I have actual skeletons in my closet
i agree about erik. his words were always about himself and his suffering. he was a young revolutionary with more training and bigger balls. he is what a lot of people imagine themselves to be, his death was a respectful repudiation of them. he was embodiment of trying to "dismantle the master's house using the master's tools."

nakia was revolutionary because she refused priviledge to help and did so on the front lines. she changed the system from the inside. but people lazily call that reactionary but the key difference is she refused her privilege. i'd like to see the woke shea butter types give up the internet and do ground work.

BravestOfTheLamps
Oct 12, 2012

by FactsAreUseless
Lipstick Apathy

kartikeya posted:

There's nothing heroic about Killmonger.

This just shows that you've been completely taken in by the movie's rhetoric. Movies are rhetorical things, and that Killmonger is shown as a badwrong person and Nakia as goodright does not actually make it true. Like our favourite philosopher points out:

Slavoj Zizek posted:

Although Bane is the official villain, there are indications that he, much more than Batman himself, is the film’s authentic hero distorted as its villain: he is ready to sacrifice his life for his love, ready to risk everything for what he perceives as injustice, and this basic fact is occluded by superficial and rather ridiculous signs of destructive evil.

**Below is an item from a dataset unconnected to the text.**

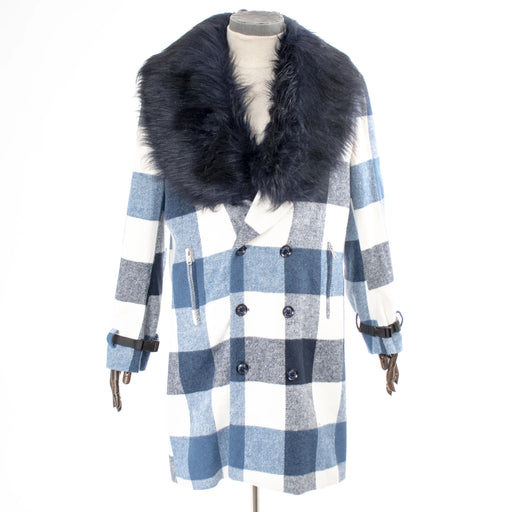 Navy Plaid Double-Breasted Overcoat With Fur Collar

So, back to Black Panther: which are the signs enabling us to recognize in Killmonger the film’s true hero? There are many; the first among them is the scene of his death, in which he prefers to die free than to be healed and survive in the false abundance of Wakanda. The strong ethical impact of Killmonger’s last words immediately ruin the idea that he is a simple villain.

Like your idea is that Nakia is good because she wants to open up Wakanda, but the real evil is Wakanda itself: despite nominal opposition, the country has really no problems with the established order.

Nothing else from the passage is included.